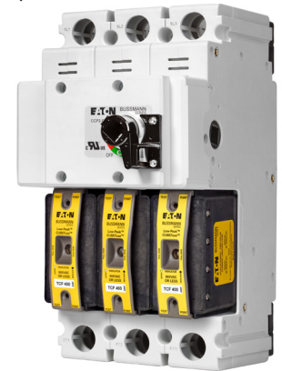
400 amp CCP2 Shown with through-the-front rotary
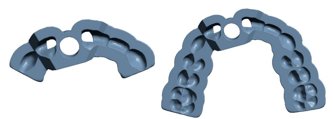
Figure 1. Surgical guide designs. Short guides (left) and long guides (right).

A total of twenty surgical guides were designed in implant planning software (Blue Sky Plan version 4.3.10; Blue Sky Bio, LLC) and edited in 3D mesh editing software (Meshmixer version 3.5.474; Autodesk, Inc.). The guide tube parameters used were those used clinically for 5mm T-sleeve (Straumann Group). Short and long guides were made identical in the inter-canine region, with the long guides extending distally to the first molars. Twenty surgical guides were fabricated by SLA 3D printer (Form 2; Formlabs Inc.) in a 3D printing resin material (Surgical Guide Resin; Formlabs Inc.), which is different from the one Marei et al<sup>9</sup> used in their study, because the resin material was introduced recently. The surgical guides were split into two groups (n = 10). One group (Group L) consisted of long-span guides which covered the maxillary arch from right first molar to left first molar. The other group (Group S) consisted of short-span guides that covered the maxillary arch from right canine to left canine. All the guides were designed for placing a single implant at the maxillary left central incisor position. No other teeth were missing. Figure 1 illustrates the short and long guide designs.
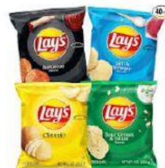
4 bags of chips 4.00
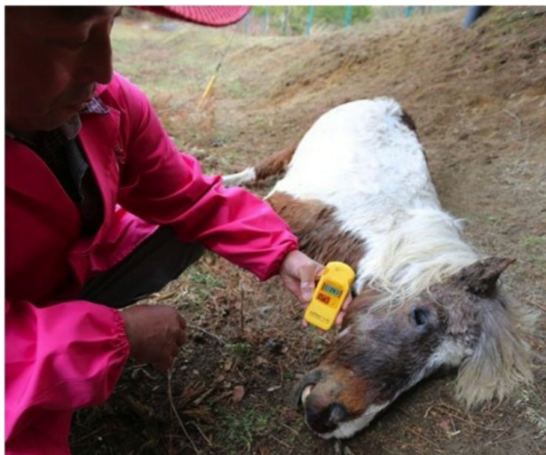
A dead horse at the Hosokawa ranch, 2013

Macaques, horses, mice and moss show similar effects. Wild macaques, which eat leaf buds from the surrounding forests, show high levels of Cs137 in their muscle tissues (10,000-25,000 bq/kg March 2011; 500-1,500 bq/kg June 2011;
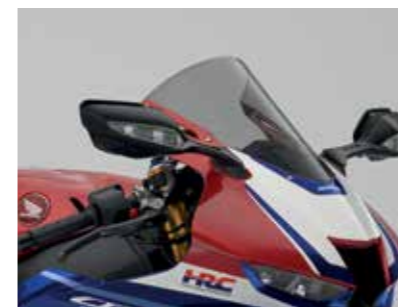
HIGH WIND SCREEN 08R70-MKR-D10ZA / 08R71-MKR-D10ZA

Developed after wind-tunnel and real-life riding sessions, the High Wind Screen combines increased wind protection and improved motorcycle control. Compared to the standard version, the top of the wind screen is 8mm higher and 40mm further forward. Furthermore, as a Genuine Honda design, it is fully WVTA certified. 2 versions available:
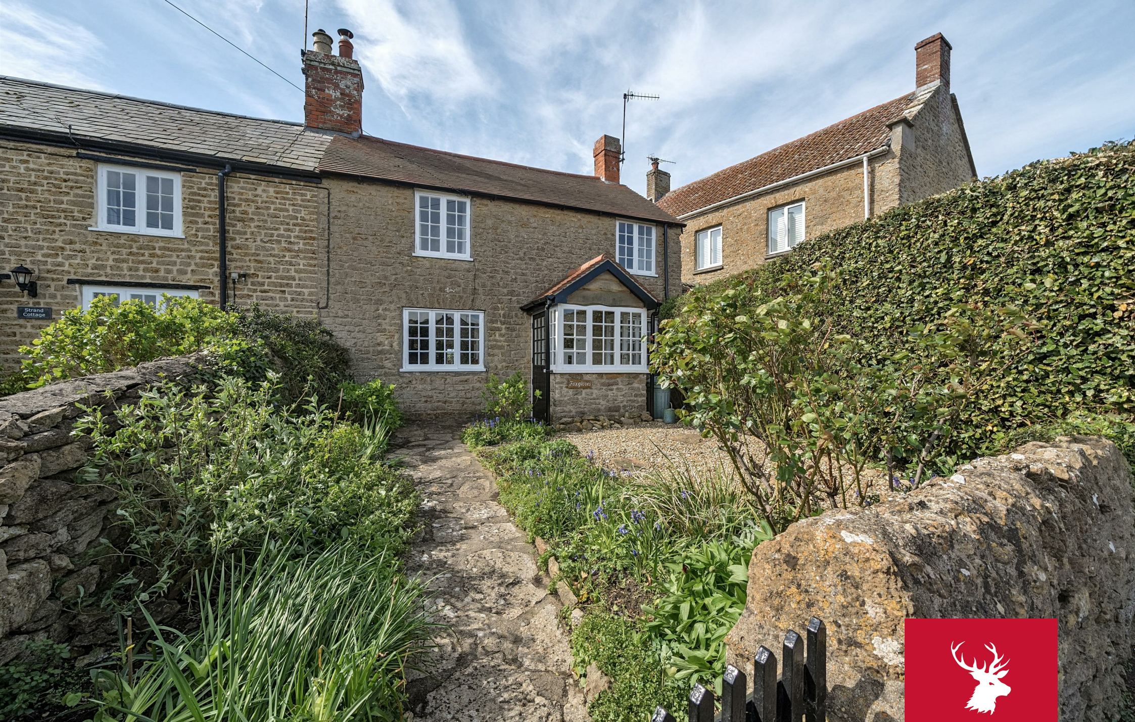
Foxgloves 3 High Street
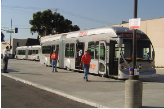
Orange Line at stop.

During lunch, I discovered I had not set my watch back an hour due to the end of Daylight Savings time, thereby gaining an hour, reminding me of the plot in Jules Verne's Around the World in 80 Days . But then we lost a half hour waiting for the buses to arrive.
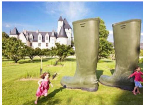
Big wellies at Chateau Rivau

Performance dates: 31st May – 2nd June, 2018 at 6.30 pm.
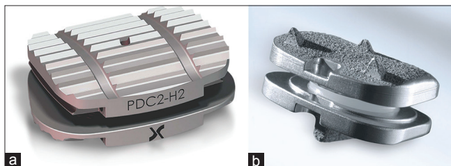
Figure 1: (a) Anterior oblique view of Discocerv. The end-plates are designed with an anatomical profile characterized by convexity in the sagittal plane for the upper plate and convexity in the frontal plane for the lower plate. (b) Anterior oblique view of Activ-C implant. It consists of a superior prosthesis plate with spikes for anchoring in the vertebral body, and an inferior prosthesis plate with integrated polyethylene inlay and central anchoring fin for fixation in the vertebral body

We hypothesized that due to the reduced time in end-plate preparation, the newer generation of implants can be
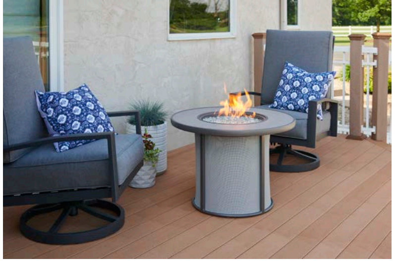
GREY STONEFIRE FIRE PIT TABLE
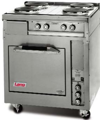
Model R30S shown
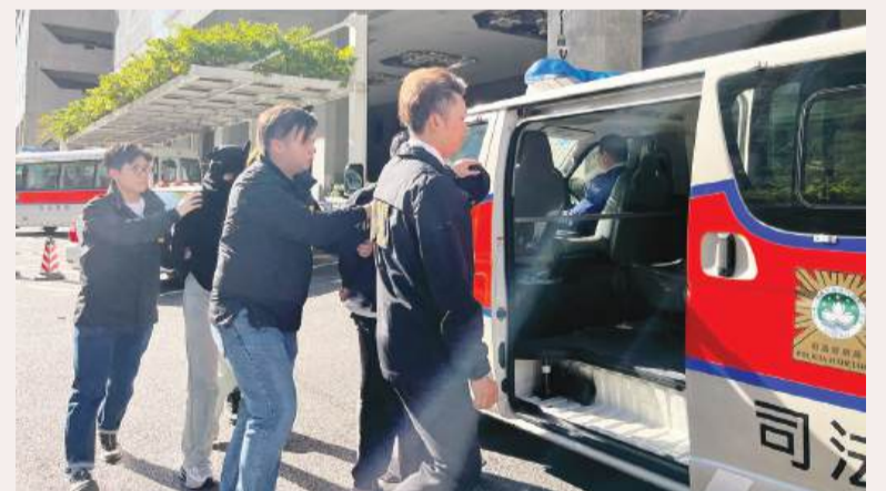
Judiciary Police (PJ) officers escort the two hooded fraud suspects to a PJ vehicle outside the PJ headquarters in Zape yesterday.

The follow-up PJ investigation showed that one of the fake chips
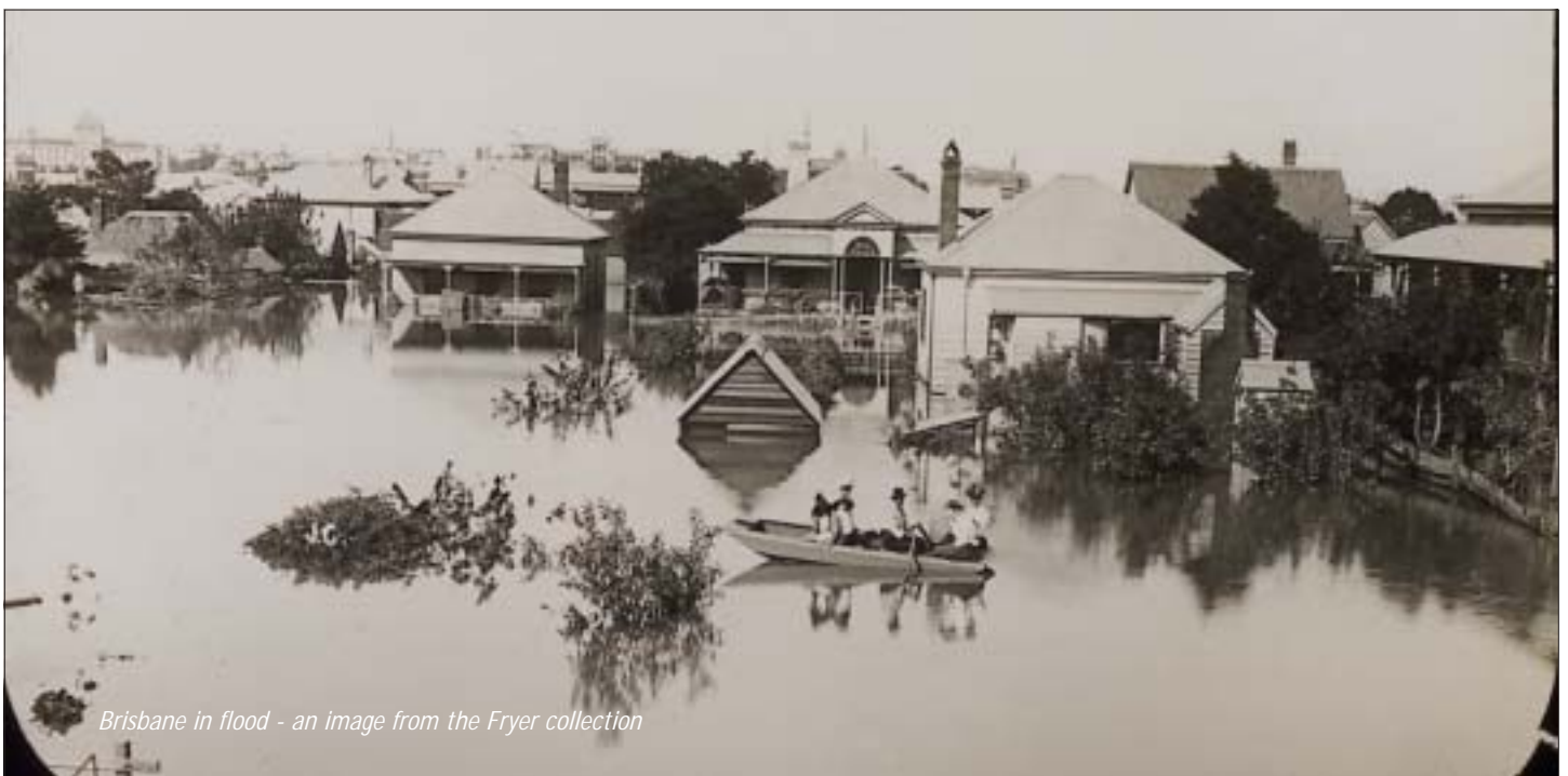
Brisbane in flood - an image from the Fryer collection
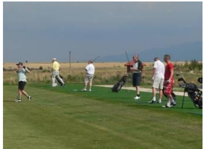
At the driving range
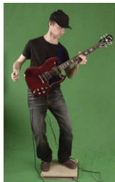
Figure 3. A still image from the filmed test sessions with the sensor board and head accelerometer

The possibilities are numerous, and the system may be adapted to any instrument using digital signal processing. A case-specific study of the instrument's characteristic ancillary gestures is nevertheless necessary 1 .
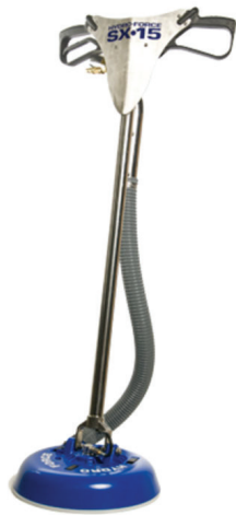
SX-15 Cleaning Tool
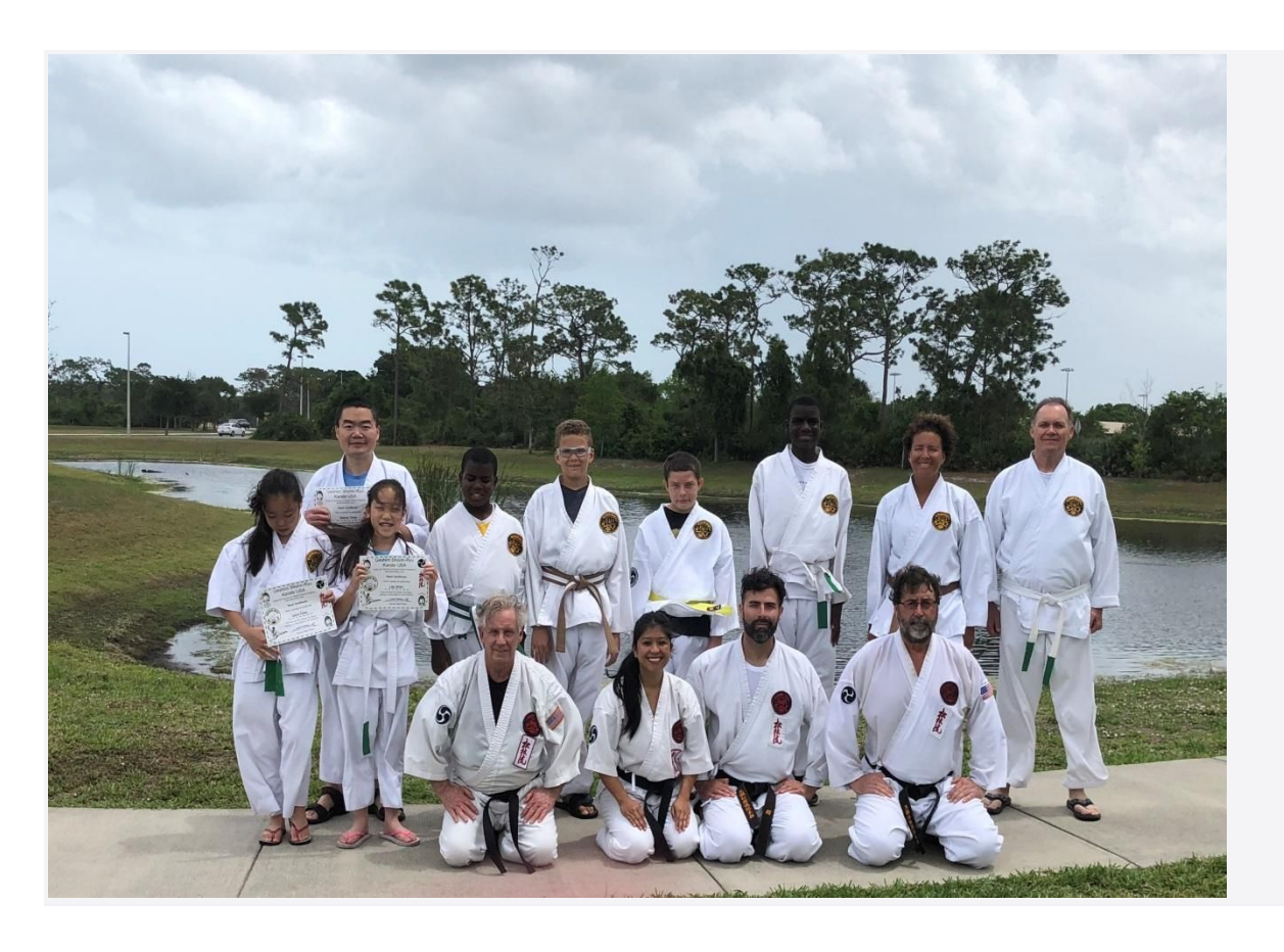
"When one door closes, another one opens."
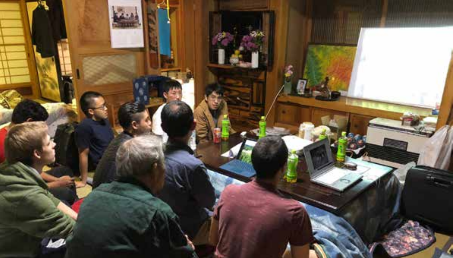
里山園芸民泊では、宿泊の男性グループがドローン写真などでミーティング At Night, a group of males in Satoyama gardening private stay meet with drone photos etc.
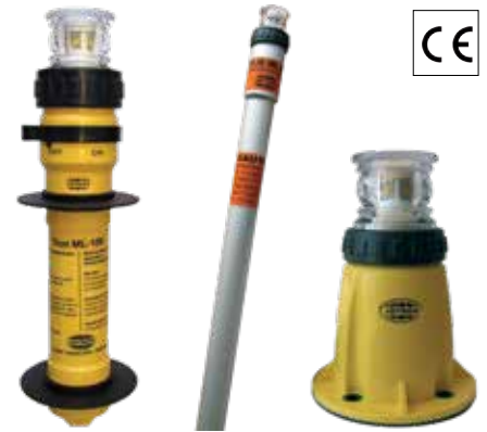
Tron ML-100 Tron ML-200 Tron ML-300
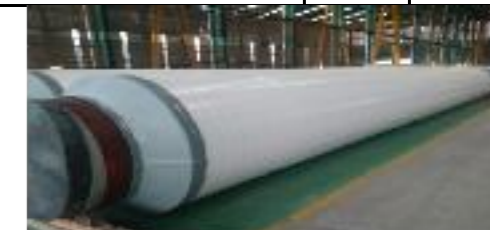
COLD INSULATION WORK- PIR Installation Insulation for LNG Piping at Pengerang Dialog Warehouse, Johor
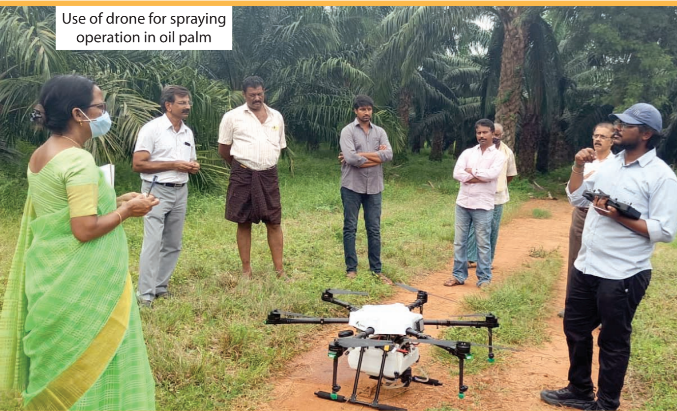
Use of drone for spraying operation in oil palm
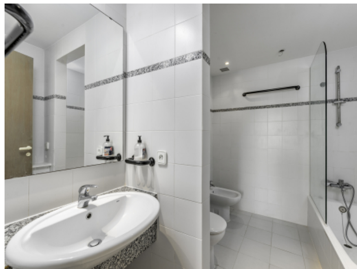
Bathroom with bathtub
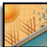
UV treated fabric
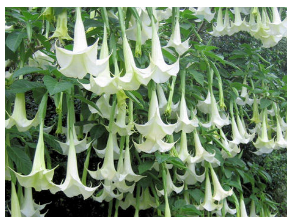
Figure 2 Datura suaveolens .

Our patient had no neurologic symptoms, there was no ptosis nor an ocular motility deficit. However, a cerebral MRI was performed to exclude a compressive origin of palsy even if the level of suspicion of this cause was very low.

——————

> [TRY IT] Using the entries above, find all lines with "time". Copy them.

> [PROBLEM SOLUTION]
During lunch, I discovered I had not set my watch back an hour due to the end of Daylight Savings time, thereby gaining an hour, reminding me of the plot in Jules Verne's Around the World in 80 Days . But then we lost a half hour waiting for the buses to arrive.
We hypothesized that due to the reduced time in end-plate preparation, the newer generation of implants can be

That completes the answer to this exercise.